The laws and policy around home ownership and sales differ from one state to another and one city to another. A strongly regulated housing market, with elaborate laws and rules, causes a longer time to close a deal. It can also act as a deterrent to buyers or result in loss of time and money in litigation. So any change in policy or laws which move the housing market towards more regulation can act to slow down the market and result in lower sales and longer time on market for properties.

In any given market, this will not be a main factor, as it will not affect the pricing of residential homes from one week or month to another, unless there is a change in policy, but it will be important when assessing the changes in the housing market overall during a population migration from one state or city to another. If it is more affordable and easier to buy a house in a different state or in the suburbs, more people will migrate out of the city and thus leave a chasm in the housing market of expensive cities.

Taxes

Tax rates alter the disposable income available to a buyer. If tax rates increase, it alters the affordable range of a buyer. While the tax rates remain the same for most part in any county or city, any alteration in tax rates can have a similar effect to change in policy and regulation of the market on a bigger scale.

Unemployment

Unemployment is the biggest marker of the state of the economy. As unemployment increases, tendency to buy property decreases. People are less likely to make huge or long term investments in a time when they are uncertain of the liquid cash available to them.

As in the chart above, there is somewhat of a correlation between the housing market and unemployment, though the causality could go either way, so there could be a lag either way. As unemployment (in %age) increases, the months of supply increases, indicating a weakening housing market. Conversely, the housing market could pick up due to other macroeconomic factors like Fed rates, affecting interest rates, leading to a decrease in unemployment as the economy overall gets revived.

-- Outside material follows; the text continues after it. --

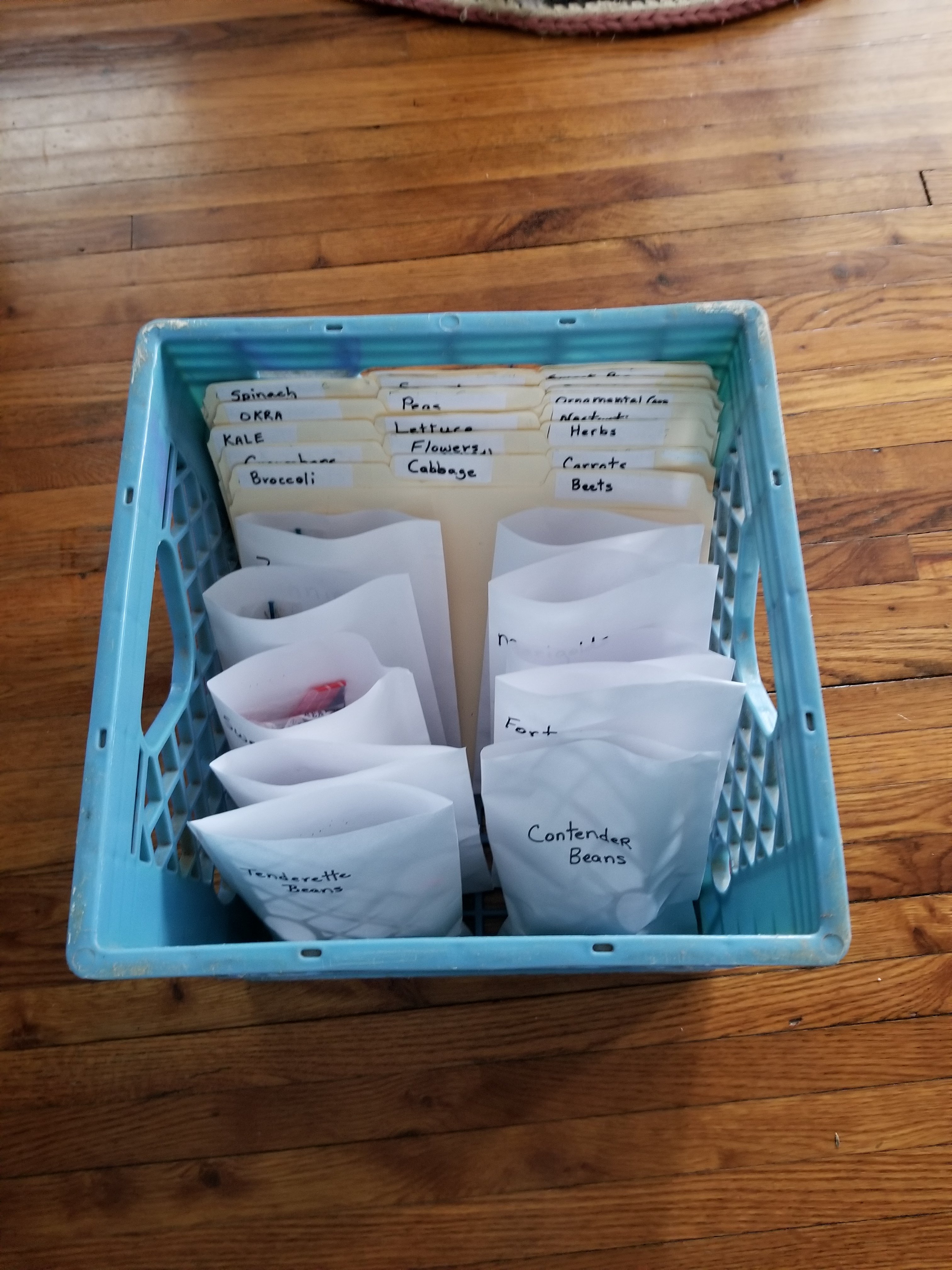 Then I made file folders for them and put them in alphabetical order. I made the larger envelopes you see in front for my bigger seed packets. I always buy corn and bean seed in bulk.
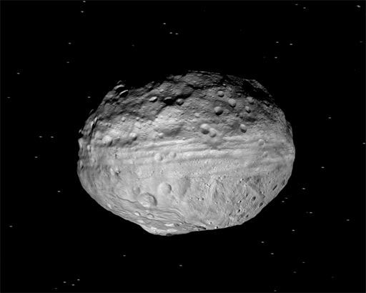 Harta de mai jos ne arată toate formele de relief mai mari de 1 km. La ecuator se întâlnesc canioane paralele care străbat întreaga circumferința a asteroidului. Polul nord (aflat sus) este în întuneric iar polul sud în lumina Soarelui.

Number of Bankruptcies Filed

Number of people going out of business works almost the same way as unemployment. It indicates the same type of phenomenon: a weak economy, but in a slightly different segment of people. Whereas unemployment usually indicates the total number of people who lost jobs, bankruptcies indicate people running their own businesses who closed their business due to losses and low future prospects. Whereas it may be relatively easier for someone to find a job, especially with efforts from government policy to revive the economy, shutting down a business is often accompanied with more long term financial problems and is likely to have a bigger impact on how likely people are to buy a house. In this scenario, people are more likely to sell houses to liquidate cash, or to refinance their mortgage, than to buy a house.

Both unemployment and bankruptcies increase the likelihood of increasing foreclosures, which can drastically bring down the pricing of homes for sale.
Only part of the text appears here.